Eine Gegend mit einem erschreckenden Ruf – obwohl ein Leben viel zu kurz ist, um sich an alles zu erinnern. In den Jahren 533, 1138 und erneut 1822 wurde die syrische Stadt Aleppo in diesem Gebiet in Stücke gerissen, was Hunderttausenden von Toten den Tod brachte. Und 1268 wurde die damals noch armenische Stadt Adana schwer getroffen. Schätzungsweise 60.000 Menschen starben.

Wieder unruhig

Seit Kurzem ist das Gebiet wieder seismisch unruhig geworden. Am 24. Januar 2020 wurden weitere 41 Menschen bei einem Beben der Stärke 6,7 in der Nähe der Stadt Elazığ östlich des aktuellen Bebens getötet. Allerdings wurde die Welt dann von einer ganz anderen Naturkatastrophe, der herannahenden Corona-Pandemie, komplett eingenommen.

Und jetzt das Erdbeben von Gaziantep, genau zwischen Adana und Aleppo. Das Beben begann laut Angaben in der Nacht von Sonntag auf Montag um genau 2.17 Uhr Aufzeichnungen des United States Geological Survey USGS, und hatte eine Stärke von 7,8, was ein starkes Erdbeben bedeutet.
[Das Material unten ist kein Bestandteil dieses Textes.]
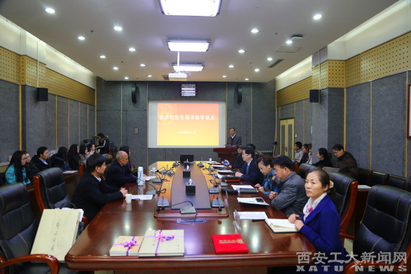 (本网讯)1月11日,省委组织部原部务委员、书法家余少君捐书助学仪式在学校未央校区举行,省委组织部宣教处处长张清、省委组织部老干部处处长陈中立一同莅临我校。校党委书记刘卫国,校党委副书记、校长雷亚萍出席仪式。会议由副校长刘建勋主持。
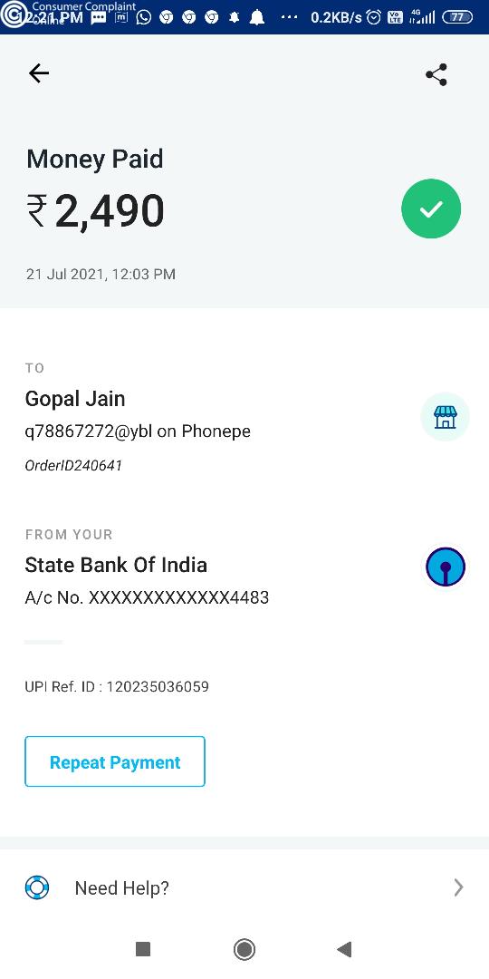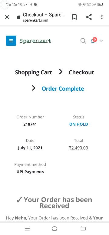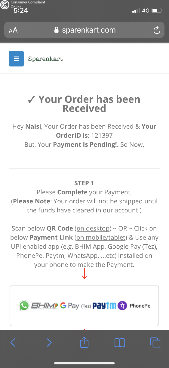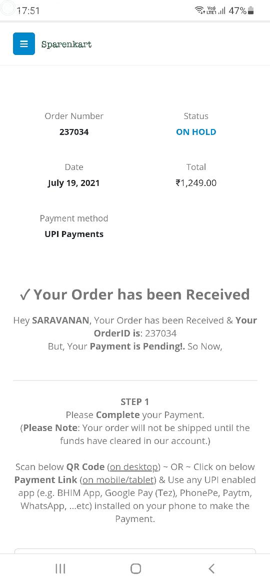 I have ordered Oppo Mobile Phone costing Rs. 1249/- from sparenkart.com website dated on 02.07.2021. and I also paid the amount Rs. 1249/- through Phone Pay. Amount is also detected my bank account. But I have not got any conformation messages their website. and their Customer care helpline number is also Switched off. So, i think this online fraud. Please help me.
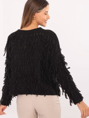 Γυναικείο πουλόβερ boho καθημερινής χρήσης, φτιαγμένο από μαλακή και ευχάριστη στην αφή μείξη πολυακρυλίου, πολυαμιδίου, λινών και βισκόζης, εξασφαλίζοντας άνεση και ζεστασιά. Το μοντέλο έχει κανονικό μήκος και μακριά μανίκια με κλασικό, στρογγυλό λαιμόκοψη που τονίζει την ελαφρότητα της γραμμής. Η ποικιλόμορφη υφή του υφάσματος σε συνδυασμό με τις διακοσμητικές φούντες σε όλη την επιφάνεια του πουλόβερ του δίνει μοναδικό, καλλιτεχνικό χαρακτήρα. Ιδανικό για καθημερινές, άνετες εμφανίσεις σε boho στυλ.
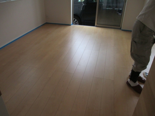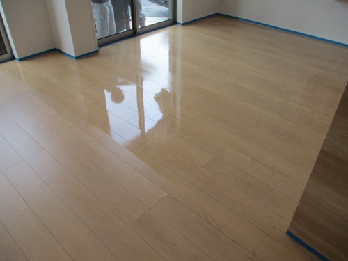 こちらは新築ですので汚れはありませんが、掃除機・シンナーなどで隅まで念入りに掃除し、巾木にはコーティング材がつかない様にテープで養生しておきます。

Die Amerikaner registrierten in den folgenden Minuten und Stunden etwa zehn starke Nachbeben, die von leichten Erschütterungen bis zu einem weiteren Beben der Stärke 6,7 (nur nicht „schwer“) an Stärke zunahmen.
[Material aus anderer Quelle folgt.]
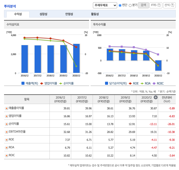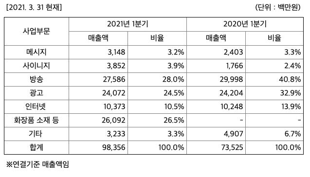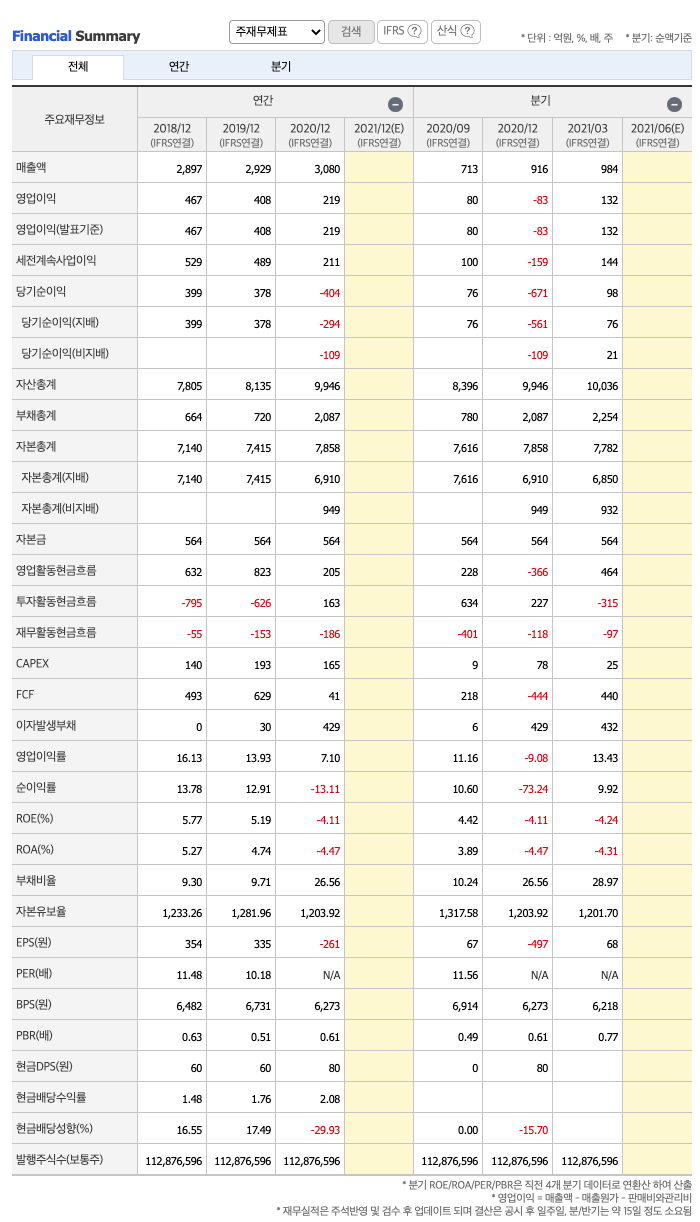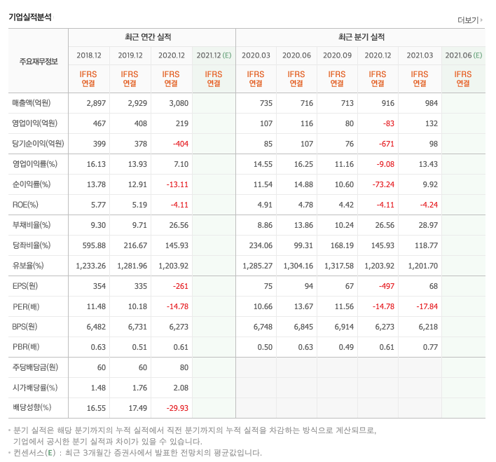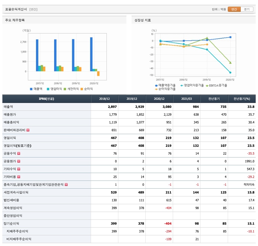 매출액 : 2018년 2897억원, 2019년 2929억원, 2020년 3080억원, 2021년 1분기 984억원으로 전년동기대비 증가하였습니다. 2021년 1분기는 전년동기대비 33.8% 증가하였습니다. 2020년 분기별로 보면 2분기 716억원, 3분기 713억원, 4분기 916억원입니다.
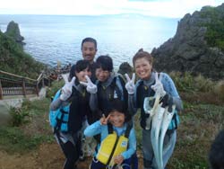 はいさ~~い、せーやです!!真栄田岬に今日も行ってきましたよー。今日青の洞窟に一緒にシュノーケリングをしてくれたのは、最近多い同じ埼玉県からお越しの石井さんファミリー4人家族です☆秀造くんと優治くんは元気な小学校6年生と4年生!最初は付けたことのない水中マスクに戸惑いながらも付けてバッチリ呼吸していましたね。お母さんは最初不安がっていましたが洞窟の奥に着いて海に入った時は一番喜んでいて楽しんでいました!!青の洞窟は今日は人が少なくきれいなとこにすぐに到着してみんなで記念撮影しましたね☆そんなみんなからもコメントを頂いたので載せていきまーす。 石井さんファミリー・初めての経験で少し不安でしたが、きれいな海の感動と楽しさいっぱいでした。とてもきれいだった。 |
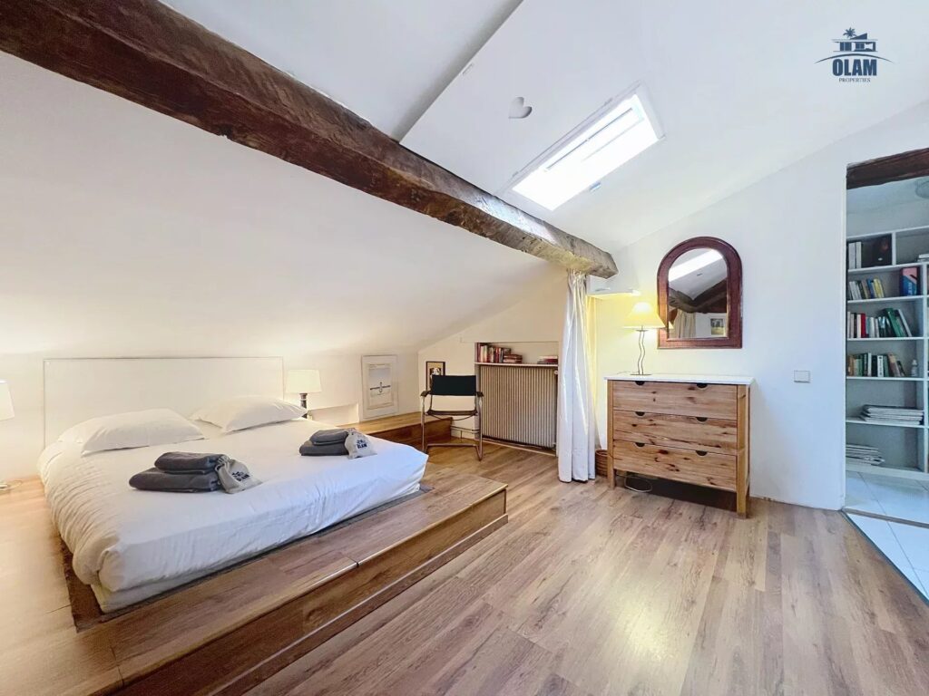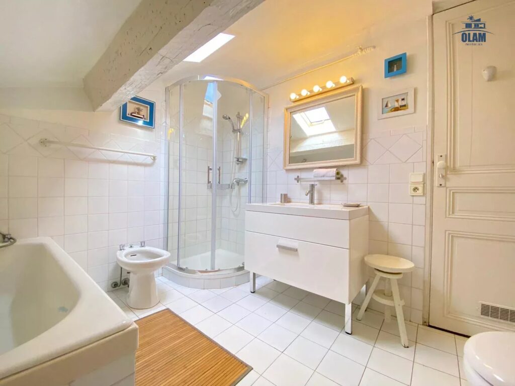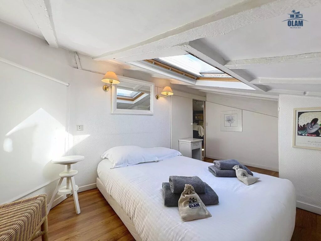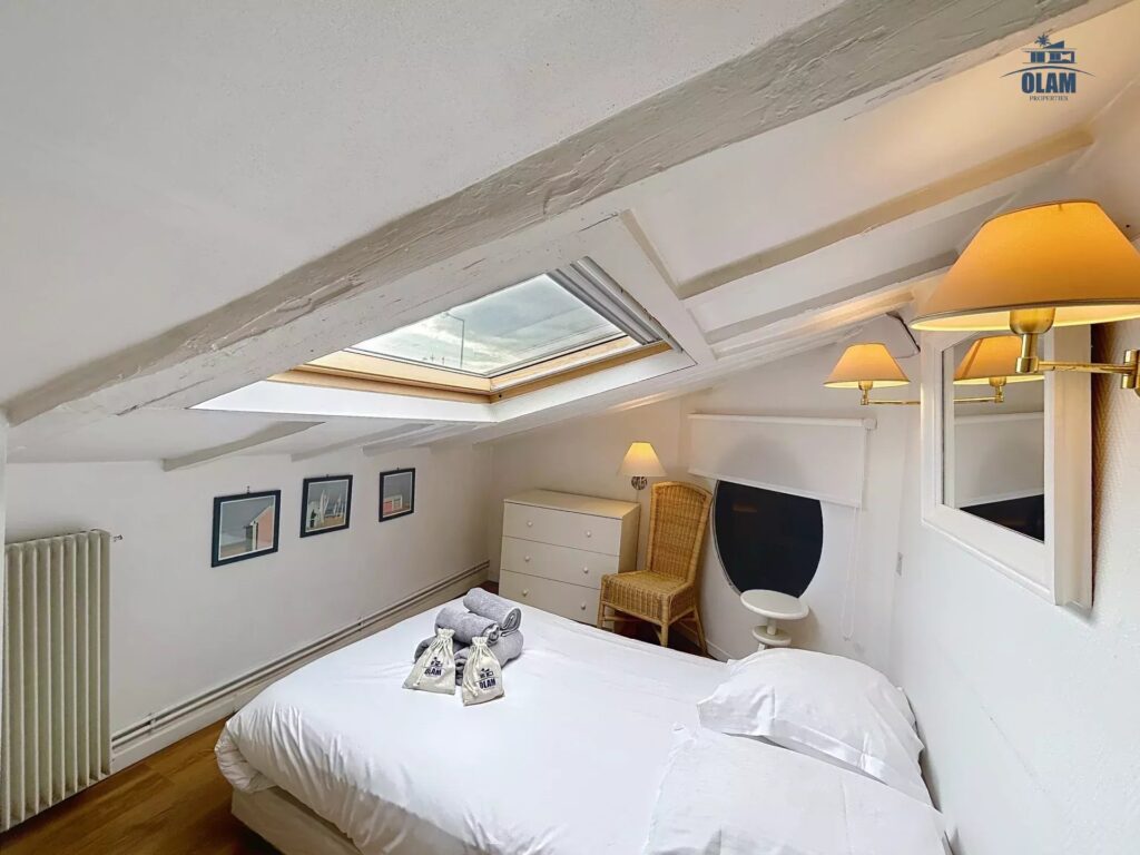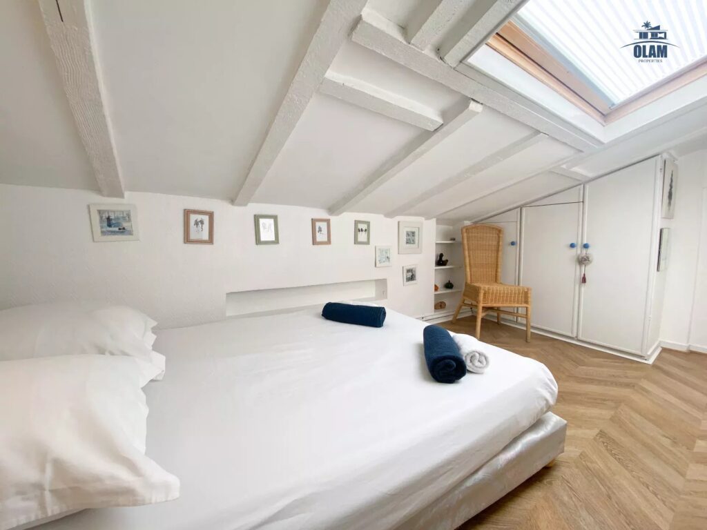 It is located on the 3rd and top floor (no elevator) of a charming old building. The apartment has a floor area of approximately 1076 sq ft. It has a sloping ceiling, and the ceiling height can be low in some areas. It comprises a large living room with a sofa, armchairs, a table for 4, and a TV. It also features a separate, fully equipped kitchen (stovetop, microwave, refrigerator/freezer, etc.). Two attic bedrooms with low ceilings in some areas are equipped with a closet and a 120cm single bed. A large bedroom with a 140cm double bed is also available. A bathroom with a bathtub, shower, and toilet is also available. The apartment is equipped with internet access and air conditioning in the living room, which allows for air circulation throughout the apartment. Private parking for one vehicle (uncovered) completes the property, just a 2-minute walk from the apartment.

„Die Nachbeben haben ein Gebiet von etwa dreihundert Kilometern aktiviert, von der Küstenstadt Iskenderun bis Malatya“, sagt Govers nach Überprüfung der Messungen. „Das wird einen Teil des Spannungsproblems gelöst haben.“ Wie stark die Verwerfungslinien weiter nordöstlich noch unter Spannung stehen, müssten neue Berechnungen zeigen, sagt er.

Instabile Gebäude

In der betroffenen Gegend würden Häuser und Gebäude auf „unbequeme türkische Art“ gebaut, sagt Govers. Das heißt: In der Türkei wird bei der Berechnung der Grundsteuer darauf geachtet, wie viel Grundfläche ein Gebäude am Boden einnimmt, so dass oft Gebäude errichtet werden, die sich nach oben hin verbreitern.

„Das hilft nicht bei der Erdbebensicherheit“, sagt Govers. „Früher hat man auf Holzpfählen gebaut, die bei einem Erdbeben manchmal noch ein wenig schwingen können. Heutzutage baut man auf Beton. Das geht einfach kaputt.‘

Der genaue Schaden in Form von Menschenleben und zerstörtem Eigentum muss in den kommenden Tagen ermittelt werden. Am Montag um die Mittagszeit standen mindestens mehr als vierzehnhundert Tote auf dem Zähler. Das Erdbeben scheint das verheerendste Erdbeben in der Türkei seit 84 Jahren zu sein. Am 27. Dezember 1939 tötete das Erzincan-Erdbeben 33.000 Menschen. Allerdings war das auf der anderen Verwerfungslinie, der im Norden.